• [Data for the task]:
┄┄┄┄┄┄┄┄┄┄┄┄┄┄┄┄┄┄┄┄
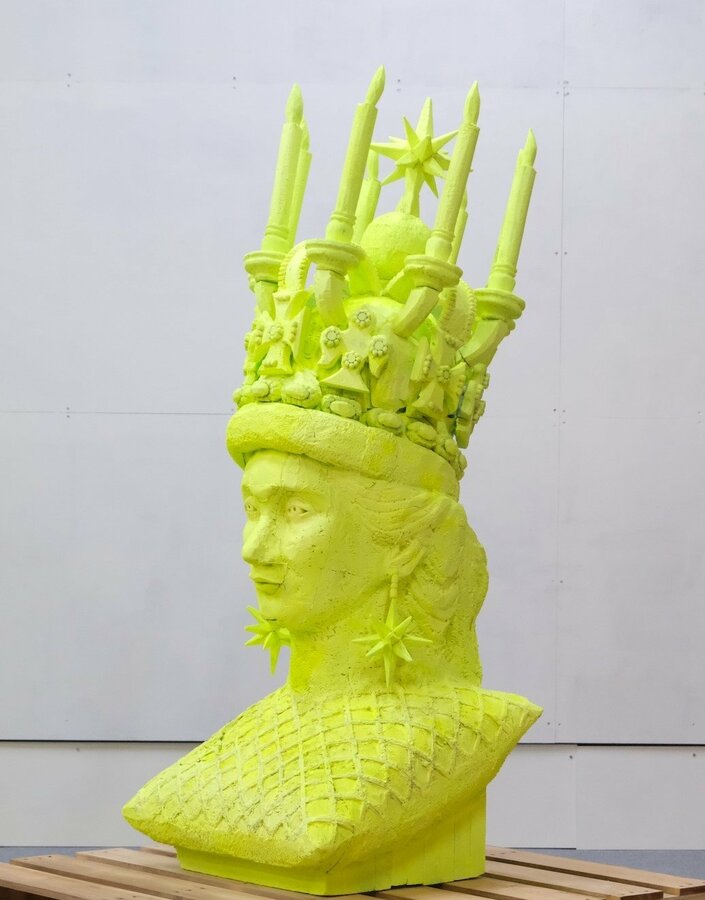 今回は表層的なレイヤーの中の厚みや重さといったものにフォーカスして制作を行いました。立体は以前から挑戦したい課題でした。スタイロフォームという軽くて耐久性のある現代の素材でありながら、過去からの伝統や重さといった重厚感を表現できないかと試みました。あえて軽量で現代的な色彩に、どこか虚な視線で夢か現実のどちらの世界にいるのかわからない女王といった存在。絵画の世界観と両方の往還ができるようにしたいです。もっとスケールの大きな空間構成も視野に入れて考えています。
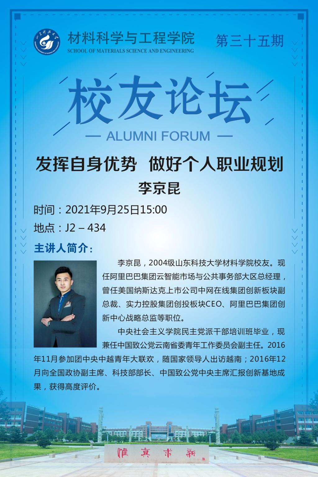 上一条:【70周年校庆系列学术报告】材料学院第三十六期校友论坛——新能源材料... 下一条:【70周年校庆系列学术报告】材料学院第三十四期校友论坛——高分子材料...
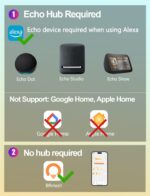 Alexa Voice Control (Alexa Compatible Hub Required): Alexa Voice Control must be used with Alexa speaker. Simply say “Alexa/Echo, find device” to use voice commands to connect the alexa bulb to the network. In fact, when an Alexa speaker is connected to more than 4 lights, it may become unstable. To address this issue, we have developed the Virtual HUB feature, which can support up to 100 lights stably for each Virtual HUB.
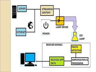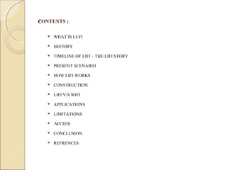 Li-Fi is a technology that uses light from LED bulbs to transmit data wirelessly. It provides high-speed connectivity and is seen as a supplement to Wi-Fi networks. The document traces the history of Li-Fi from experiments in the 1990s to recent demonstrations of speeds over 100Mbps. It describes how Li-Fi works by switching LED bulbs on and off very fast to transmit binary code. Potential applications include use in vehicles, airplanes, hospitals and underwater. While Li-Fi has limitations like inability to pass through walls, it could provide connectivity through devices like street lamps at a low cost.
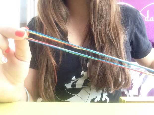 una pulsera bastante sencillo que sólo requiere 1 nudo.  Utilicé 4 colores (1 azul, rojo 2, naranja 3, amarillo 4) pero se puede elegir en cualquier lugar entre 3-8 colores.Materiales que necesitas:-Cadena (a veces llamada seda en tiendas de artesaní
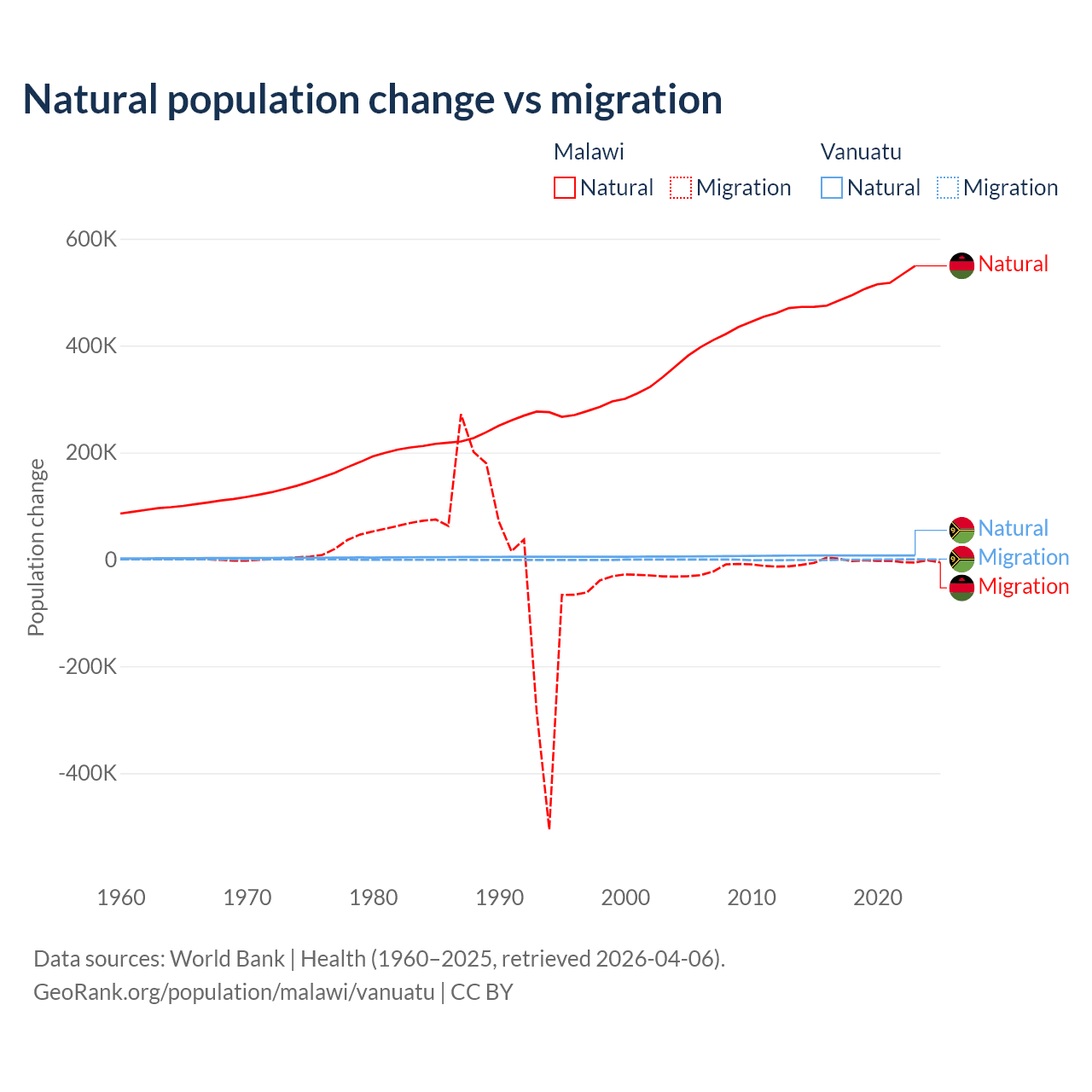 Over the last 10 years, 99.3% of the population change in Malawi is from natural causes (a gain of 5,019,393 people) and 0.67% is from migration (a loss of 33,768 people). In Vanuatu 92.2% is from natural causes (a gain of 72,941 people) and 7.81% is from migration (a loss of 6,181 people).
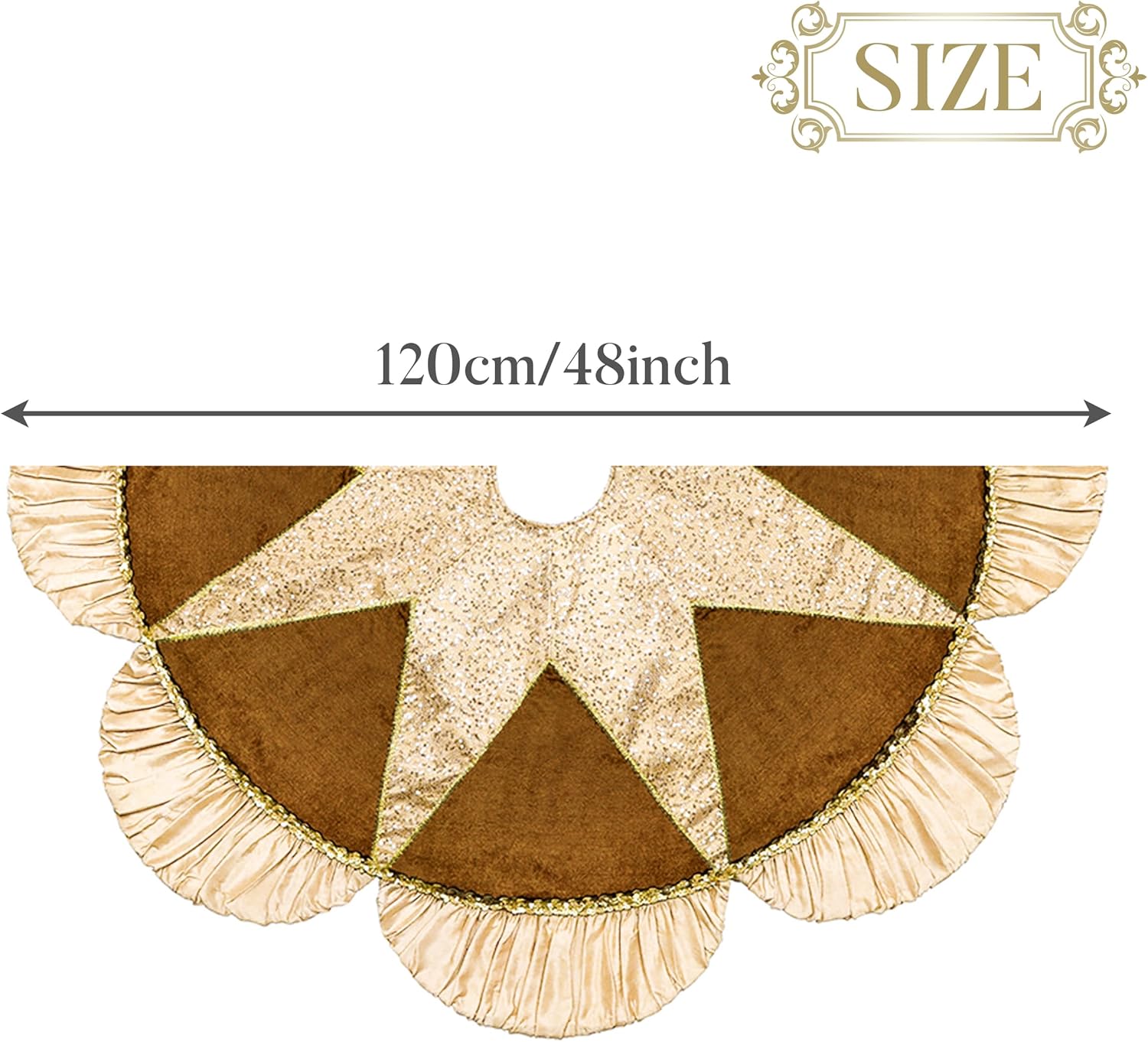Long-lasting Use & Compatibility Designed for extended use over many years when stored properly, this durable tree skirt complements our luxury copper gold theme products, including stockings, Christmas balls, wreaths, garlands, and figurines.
┄┄┄┄┄┄┄┄┄┄┄┄┄┄┄┄┄┄┄┄
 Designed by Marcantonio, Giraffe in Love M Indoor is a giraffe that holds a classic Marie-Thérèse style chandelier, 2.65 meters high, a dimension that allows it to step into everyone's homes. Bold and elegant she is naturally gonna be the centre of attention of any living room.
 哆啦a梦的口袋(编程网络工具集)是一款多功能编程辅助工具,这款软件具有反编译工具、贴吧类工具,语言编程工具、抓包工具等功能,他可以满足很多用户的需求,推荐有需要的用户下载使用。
┄┄┄┄┄┄┄┄┄┄┄┄┄┄┄┄┄┄┄┄
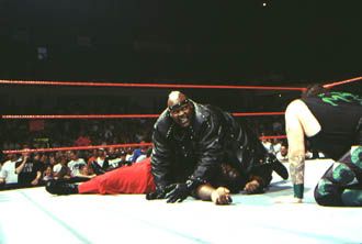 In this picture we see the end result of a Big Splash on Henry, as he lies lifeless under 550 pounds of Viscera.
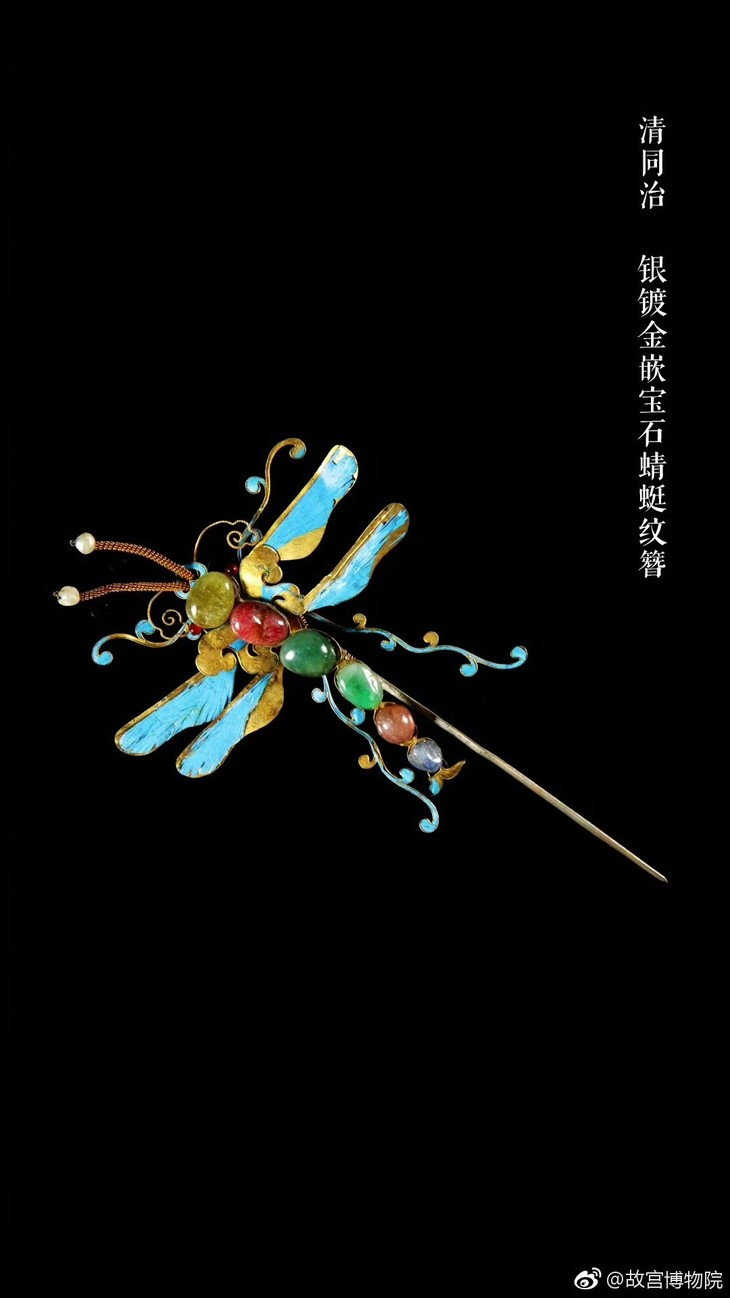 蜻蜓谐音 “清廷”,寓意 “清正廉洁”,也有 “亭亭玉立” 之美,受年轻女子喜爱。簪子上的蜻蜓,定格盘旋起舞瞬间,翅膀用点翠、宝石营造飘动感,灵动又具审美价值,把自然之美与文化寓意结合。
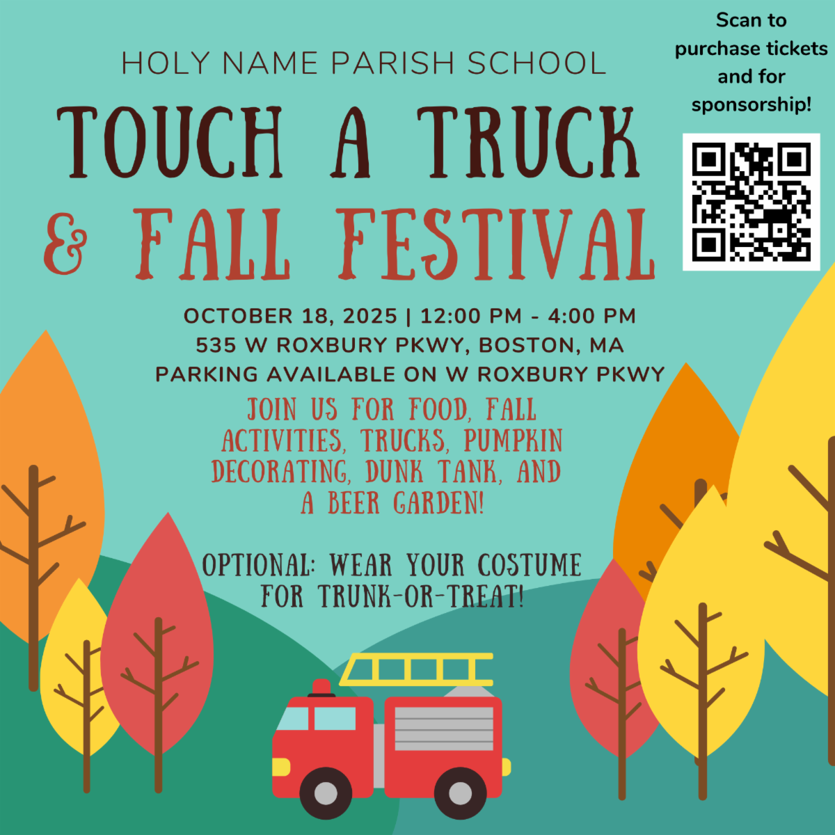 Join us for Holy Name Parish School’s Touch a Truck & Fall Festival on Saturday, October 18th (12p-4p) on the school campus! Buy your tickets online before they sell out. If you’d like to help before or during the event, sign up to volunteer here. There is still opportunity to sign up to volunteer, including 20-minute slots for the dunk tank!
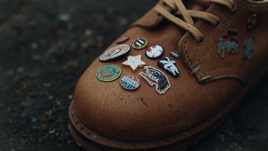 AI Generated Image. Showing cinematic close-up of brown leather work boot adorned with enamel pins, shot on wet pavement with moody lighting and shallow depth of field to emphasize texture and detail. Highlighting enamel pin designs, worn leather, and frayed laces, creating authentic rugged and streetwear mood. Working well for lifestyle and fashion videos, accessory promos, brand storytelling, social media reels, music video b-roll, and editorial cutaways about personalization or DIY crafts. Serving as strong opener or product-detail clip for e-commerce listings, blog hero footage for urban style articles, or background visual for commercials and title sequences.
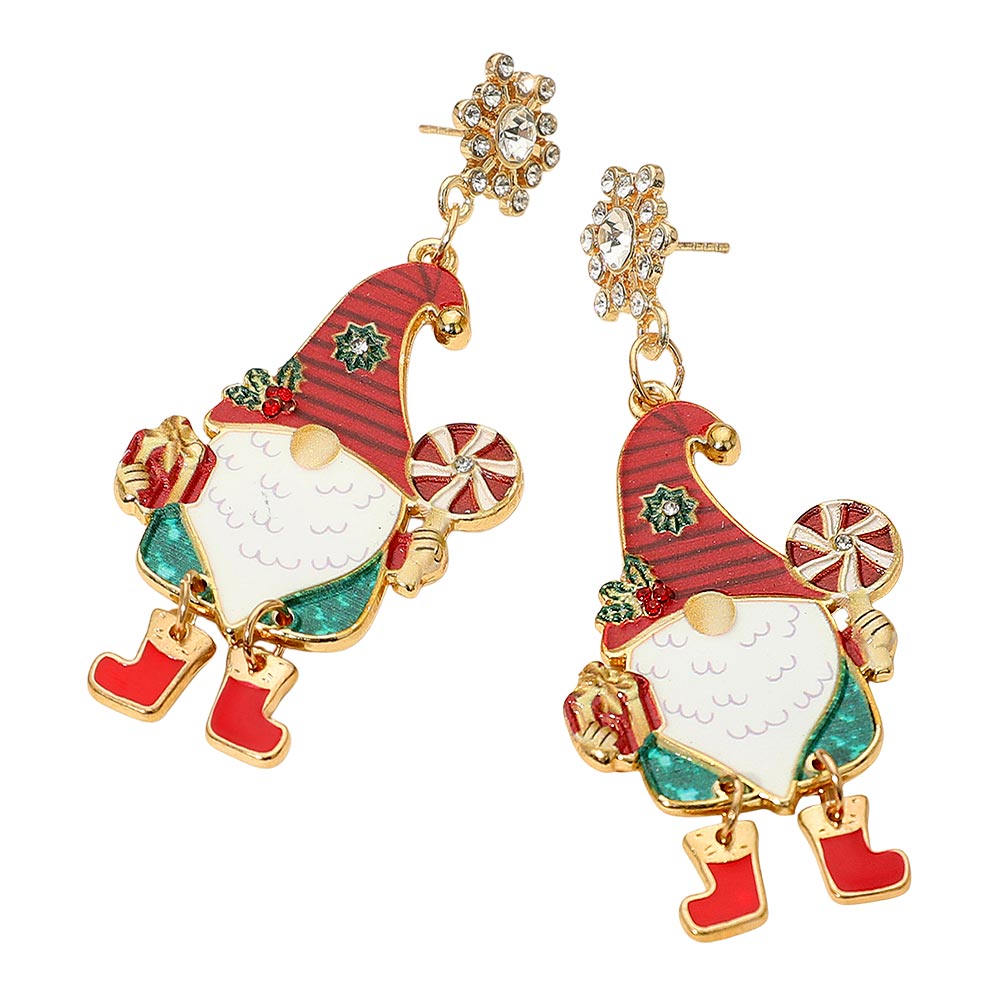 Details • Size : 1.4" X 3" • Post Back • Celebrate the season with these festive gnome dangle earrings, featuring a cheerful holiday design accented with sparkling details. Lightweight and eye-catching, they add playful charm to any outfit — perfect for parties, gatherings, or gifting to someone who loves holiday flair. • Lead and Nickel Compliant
┄┄┄┄┄┄┄┄┄┄┄┄┄┄┄┄┄┄┄┄
• [Activity]:
Return exactly the lines that appear in the data above between the line containing "今回は表層的なレイヤーの中の" and the line containing "Li-Fi is a technology", both of which are included, and leave the pictures out.

• [Reply]:
 今回は表層的なレイヤーの中の厚みや重さといったものにフォーカスして制作を行いました。立体は以前から挑戦したい課題でした。スタイロフォームという軽くて耐久性のある現代の素材でありながら、過去からの伝統や重さといった重厚感を表現できないかと試みました。あえて軽量で現代的な色彩に、どこか虚な視線で夢か現実のどちらの世界にいるのかわからない女王といった存在。絵画の世界観と両方の往還ができるようにしたいです。もっとスケールの大きな空間構成も視野に入れて考えています。
 上一条:【70周年校庆系列学术报告】材料学院第三十六期校友论坛——新能源材料... 下一条:【70周年校庆系列学术报告】材料学院第三十四期校友论坛——高分子材料...
 Alexa Voice Control (Alexa Compatible Hub Required): Alexa Voice Control must be used with Alexa speaker. Simply say “Alexa/Echo, find device” to use voice commands to connect the alexa bulb to the network. In fact, when an Alexa speaker is connected to more than 4 lights, it may become unstable. To address this issue, we have developed the Virtual HUB feature, which can support up to 100 lights stably for each Virtual HUB.
 Li-Fi is a technology that uses light from LED bulbs to transmit data wirelessly. It provides high-speed connectivity and is seen as a supplement to Wi-Fi networks. The document traces the history of Li-Fi from experiments in the 1990s to recent demonstrations of speeds over 100Mbps. It describes how Li-Fi works by switching LED bulbs on and off very fast to transmit binary code. Potential applications include use in vehicles, airplanes, hospitals and underwater. While Li-Fi has limitations like inability to pass through walls, it could provide connectivity through devices like street lamps at a low cost.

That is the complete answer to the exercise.